*Problem to solve*:
When you transcribe the entries, reproduce every character and exclude the images.

★ ★ ★ ★ ★

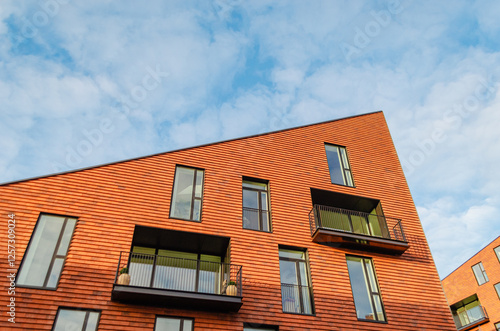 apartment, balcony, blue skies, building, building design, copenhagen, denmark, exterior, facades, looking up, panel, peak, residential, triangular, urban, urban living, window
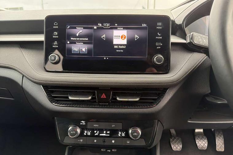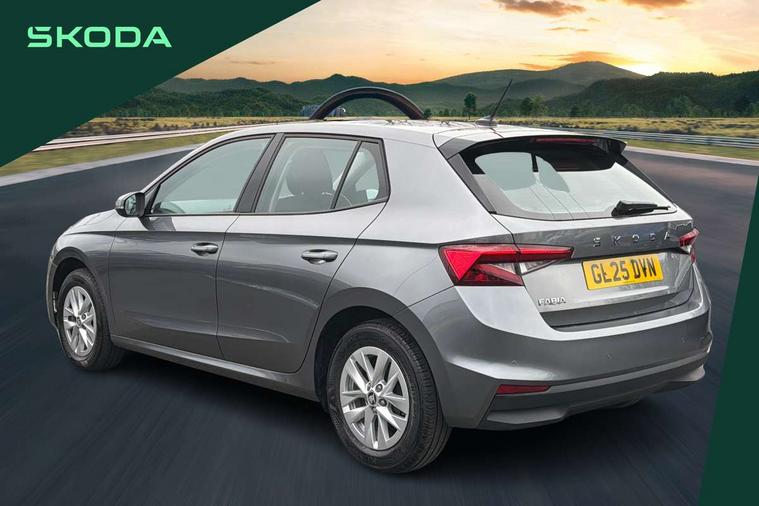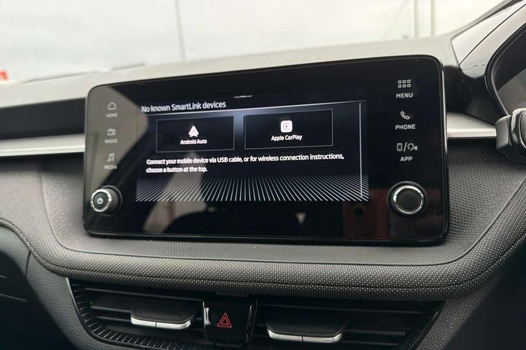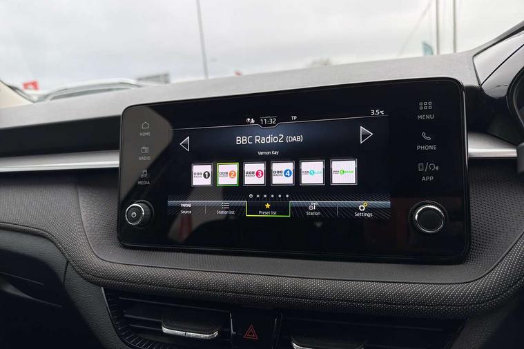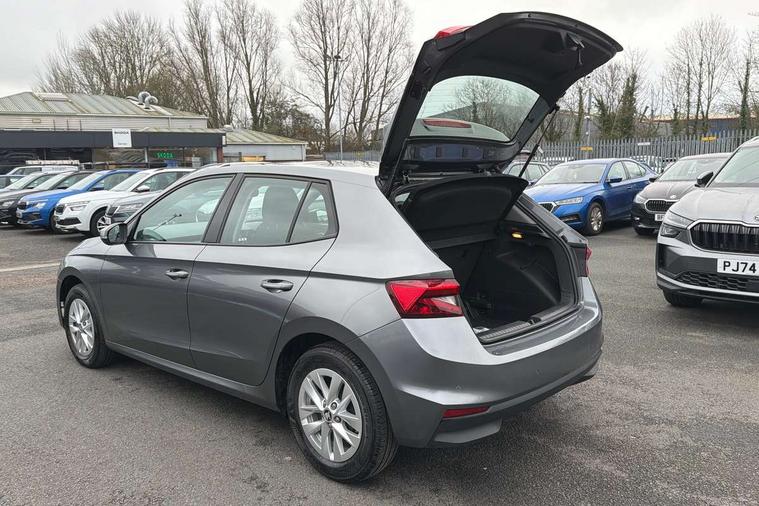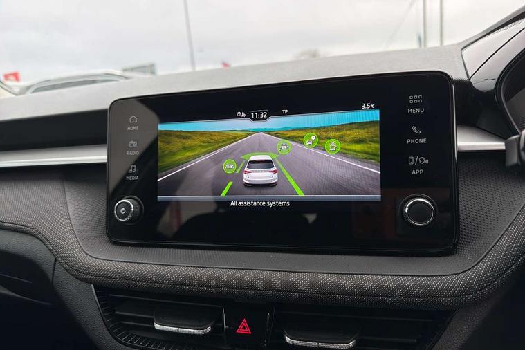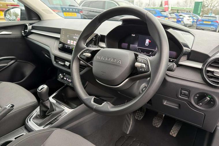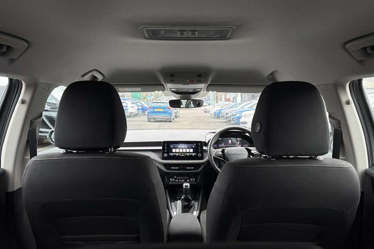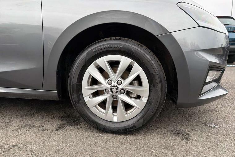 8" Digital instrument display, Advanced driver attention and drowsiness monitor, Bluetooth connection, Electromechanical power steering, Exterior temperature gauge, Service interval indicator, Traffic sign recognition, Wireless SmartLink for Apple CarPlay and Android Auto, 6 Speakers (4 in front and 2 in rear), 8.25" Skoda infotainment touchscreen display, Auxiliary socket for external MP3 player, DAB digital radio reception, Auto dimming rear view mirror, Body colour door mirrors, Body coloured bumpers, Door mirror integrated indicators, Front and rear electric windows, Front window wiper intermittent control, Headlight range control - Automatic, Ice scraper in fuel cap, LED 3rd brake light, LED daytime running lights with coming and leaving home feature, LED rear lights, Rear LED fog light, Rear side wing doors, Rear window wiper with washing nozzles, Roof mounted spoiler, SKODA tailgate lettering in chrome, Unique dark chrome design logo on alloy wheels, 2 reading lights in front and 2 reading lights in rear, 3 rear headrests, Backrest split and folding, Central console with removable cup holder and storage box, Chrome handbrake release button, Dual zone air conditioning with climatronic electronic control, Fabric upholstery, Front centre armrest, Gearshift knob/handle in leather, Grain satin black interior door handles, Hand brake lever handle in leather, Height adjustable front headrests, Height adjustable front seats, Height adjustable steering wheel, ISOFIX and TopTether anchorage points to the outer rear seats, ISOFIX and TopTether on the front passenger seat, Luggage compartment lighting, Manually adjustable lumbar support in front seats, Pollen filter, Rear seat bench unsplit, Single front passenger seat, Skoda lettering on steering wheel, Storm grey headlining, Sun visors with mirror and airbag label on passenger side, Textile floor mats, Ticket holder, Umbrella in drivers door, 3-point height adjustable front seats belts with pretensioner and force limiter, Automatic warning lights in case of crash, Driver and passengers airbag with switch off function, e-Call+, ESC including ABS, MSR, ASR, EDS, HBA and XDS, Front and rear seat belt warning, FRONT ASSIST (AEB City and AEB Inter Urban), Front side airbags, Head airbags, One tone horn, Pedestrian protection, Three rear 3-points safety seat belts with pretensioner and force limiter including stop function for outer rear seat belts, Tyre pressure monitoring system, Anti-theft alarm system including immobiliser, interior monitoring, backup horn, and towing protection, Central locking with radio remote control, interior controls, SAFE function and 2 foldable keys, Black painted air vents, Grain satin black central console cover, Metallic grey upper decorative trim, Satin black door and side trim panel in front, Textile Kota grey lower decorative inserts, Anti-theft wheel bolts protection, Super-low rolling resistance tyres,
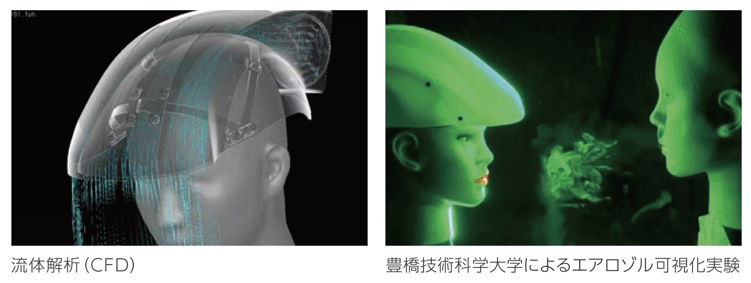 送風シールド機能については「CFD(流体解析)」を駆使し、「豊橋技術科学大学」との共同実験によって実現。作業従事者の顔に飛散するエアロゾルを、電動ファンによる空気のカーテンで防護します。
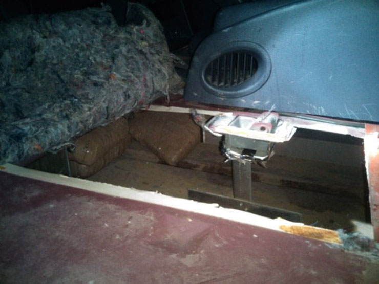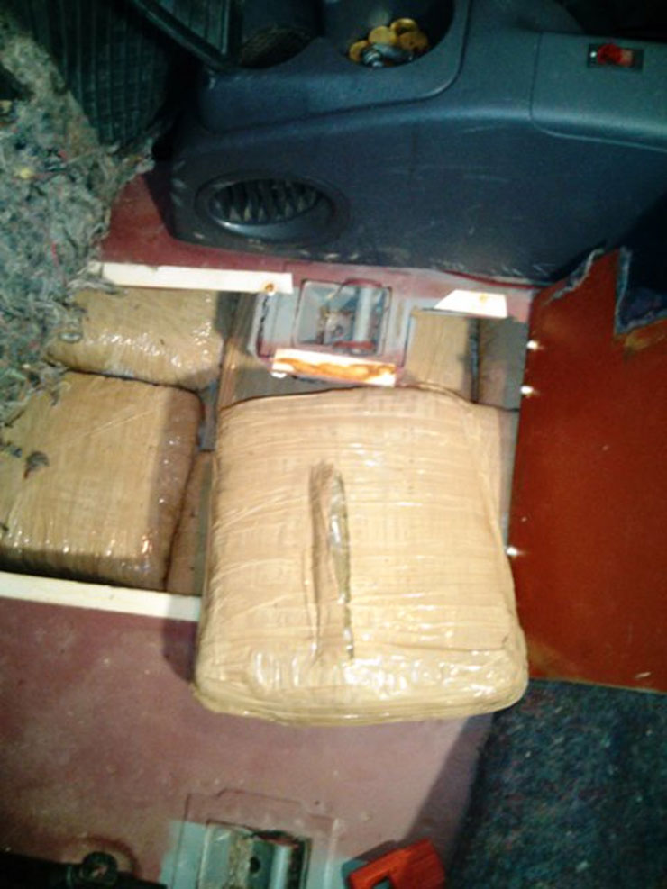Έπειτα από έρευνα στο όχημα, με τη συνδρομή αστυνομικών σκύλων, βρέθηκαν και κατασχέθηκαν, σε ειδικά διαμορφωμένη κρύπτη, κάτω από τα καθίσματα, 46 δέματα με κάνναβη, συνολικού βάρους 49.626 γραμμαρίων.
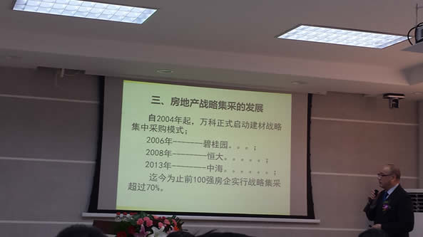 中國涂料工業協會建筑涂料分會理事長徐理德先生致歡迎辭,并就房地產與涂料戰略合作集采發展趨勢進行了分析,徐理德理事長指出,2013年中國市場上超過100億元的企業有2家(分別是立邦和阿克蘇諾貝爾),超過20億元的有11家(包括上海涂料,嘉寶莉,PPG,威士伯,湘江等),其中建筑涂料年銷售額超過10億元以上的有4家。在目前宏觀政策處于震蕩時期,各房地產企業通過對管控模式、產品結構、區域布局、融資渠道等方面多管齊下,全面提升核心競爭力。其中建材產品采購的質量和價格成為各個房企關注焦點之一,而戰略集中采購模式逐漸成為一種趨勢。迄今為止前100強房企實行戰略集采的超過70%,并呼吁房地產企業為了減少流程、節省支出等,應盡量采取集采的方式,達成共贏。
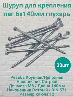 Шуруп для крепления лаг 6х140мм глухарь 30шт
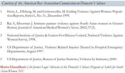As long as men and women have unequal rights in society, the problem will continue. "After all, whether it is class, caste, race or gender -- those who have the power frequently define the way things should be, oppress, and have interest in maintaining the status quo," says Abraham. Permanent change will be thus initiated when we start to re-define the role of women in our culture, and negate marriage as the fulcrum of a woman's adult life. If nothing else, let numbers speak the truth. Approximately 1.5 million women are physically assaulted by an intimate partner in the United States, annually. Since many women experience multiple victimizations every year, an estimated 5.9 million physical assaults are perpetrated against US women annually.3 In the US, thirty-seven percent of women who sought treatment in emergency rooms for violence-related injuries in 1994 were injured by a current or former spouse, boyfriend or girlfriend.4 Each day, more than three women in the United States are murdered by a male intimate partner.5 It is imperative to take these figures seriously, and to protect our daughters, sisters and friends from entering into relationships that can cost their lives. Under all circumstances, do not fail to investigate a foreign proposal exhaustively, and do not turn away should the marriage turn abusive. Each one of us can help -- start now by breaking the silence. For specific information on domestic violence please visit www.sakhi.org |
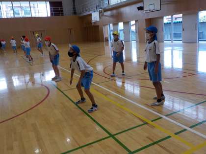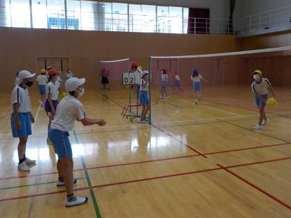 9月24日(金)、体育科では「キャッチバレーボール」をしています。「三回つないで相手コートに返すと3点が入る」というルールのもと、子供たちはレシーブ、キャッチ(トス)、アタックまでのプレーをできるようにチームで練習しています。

★ ★ ★ ★ ★

*Exercise answer*:
 apartment, balcony, blue skies, building, building design, copenhagen, denmark, exterior, facades, looking up, panel, peak, residential, triangular, urban, urban living, window
 8" Digital instrument display, Advanced driver attention and drowsiness monitor, Bluetooth connection, Electromechanical power steering, Exterior temperature gauge, Service interval indicator, Traffic sign recognition, Wireless SmartLink for Apple CarPlay and Android Auto, 6 Speakers (4 in front and 2 in rear), 8.25" Skoda infotainment touchscreen display, Auxiliary socket for external MP3 player, DAB digital radio reception, Auto dimming rear view mirror, Body colour door mirrors, Body coloured bumpers, Door mirror integrated indicators, Front and rear electric windows, Front window wiper intermittent control, Headlight range control - Automatic, Ice scraper in fuel cap, LED 3rd brake light, LED daytime running lights with coming and leaving home feature, LED rear lights, Rear LED fog light, Rear side wing doors, Rear window wiper with washing nozzles, Roof mounted spoiler, SKODA tailgate lettering in chrome, Unique dark chrome design logo on alloy wheels, 2 reading lights in front and 2 reading lights in rear, 3 rear headrests, Backrest split and folding, Central console with removable cup holder and storage box, Chrome handbrake release button, Dual zone air conditioning with climatronic electronic control, Fabric upholstery, Front centre armrest, Gearshift knob/handle in leather, Grain satin black interior door handles, Hand brake lever handle in leather, Height adjustable front headrests, Height adjustable front seats, Height adjustable steering wheel, ISOFIX and TopTether anchorage points to the outer rear seats, ISOFIX and TopTether on the front passenger seat, Luggage compartment lighting, Manually adjustable lumbar support in front seats, Pollen filter, Rear seat bench unsplit, Single front passenger seat, Skoda lettering on steering wheel, Storm grey headlining, Sun visors with mirror and airbag label on passenger side, Textile floor mats, Ticket holder, Umbrella in drivers door, 3-point height adjustable front seats belts with pretensioner and force limiter, Automatic warning lights in case of crash, Driver and passengers airbag with switch off function, e-Call+, ESC including ABS, MSR, ASR, EDS, HBA and XDS, Front and rear seat belt warning, FRONT ASSIST (AEB City and AEB Inter Urban), Front side airbags, Head airbags, One tone horn, Pedestrian protection, Three rear 3-points safety seat belts with pretensioner and force limiter including stop function for outer rear seat belts, Tyre pressure monitoring system, Anti-theft alarm system including immobiliser, interior monitoring, backup horn, and towing protection, Central locking with radio remote control, interior controls, SAFE function and 2 foldable keys, Black painted air vents, Grain satin black central console cover, Metallic grey upper decorative trim, Satin black door and side trim panel in front, Textile Kota grey lower decorative inserts, Anti-theft wheel bolts protection, Super-low rolling resistance tyres,
 送風シールド機能については「CFD(流体解析)」を駆使し、「豊橋技術科学大学」との共同実験によって実現。作業従事者の顔に飛散するエアロゾルを、電動ファンによる空気のカーテンで防護します。
Έπειτα από έρευνα στο όχημα, με τη συνδρομή αστυνομικών σκύλων, βρέθηκαν και κατασχέθηκαν, σε ειδικά διαμορφωμένη κρύπτη, κάτω από τα καθίσματα, 46 δέματα με κάνναβη, συνολικού βάρους 49.626 γραμμαρίων.
 中國涂料工業協會建筑涂料分會理事長徐理德先生致歡迎辭,并就房地產與涂料戰略合作集采發展趨勢進行了分析,徐理德理事長指出,2013年中國市場上超過100億元的企業有2家(分別是立邦和阿克蘇諾貝爾),超過20億元的有11家(包括上海涂料,嘉寶莉,PPG,威士伯,湘江等),其中建筑涂料年銷售額超過10億元以上的有4家。在目前宏觀政策處于震蕩時期,各房地產企業通過對管控模式、產品結構、區域布局、融資渠道等方面多管齊下,全面提升核心競爭力。其中建材產品采購的質量和價格成為各個房企關注焦點之一,而戰略集中采購模式逐漸成為一種趨勢。迄今為止前100強房企實行戰略集采的超過70%,并呼吁房地產企業為了減少流程、節省支出等,應盡量采取集采的方式,達成共贏。
 Шуруп для крепления лаг 6х140мм глухарь 30шт
As long as men and women have unequal rights in society, the problem will continue. "After all, whether it is class, caste, race or gender -- those who have the power frequently define the way things should be, oppress, and have interest in maintaining the status quo," says Abraham. Permanent change will be thus initiated when we start to re-define the role of women in our culture, and negate marriage as the fulcrum of a woman's adult life. If nothing else, let numbers speak the truth. Approximately 1.5 million women are physically assaulted by an intimate partner in the United States, annually. Since many women experience multiple victimizations every year, an estimated 5.9 million physical assaults are perpetrated against US women annually.3 In the US, thirty-seven percent of women who sought treatment in emergency rooms for violence-related injuries in 1994 were injured by a current or former spouse, boyfriend or girlfriend.4 Each day, more than three women in the United States are murdered by a male intimate partner.5 It is imperative to take these figures seriously, and to protect our daughters, sisters and friends from entering into relationships that can cost their lives. Under all circumstances, do not fail to investigate a foreign proposal exhaustively, and do not turn away should the marriage turn abusive. Each one of us can help -- start now by breaking the silence. For specific information on domestic violence please visit www.sakhi.org |
 9月24日(金)、体育科では「キャッチバレーボール」をしています。「三回つないで相手コートに返すと3点が入る」というルールのもと、子供たちはレシーブ、キャッチ(トス)、アタックまでのプレーをできるようにチームで練習しています。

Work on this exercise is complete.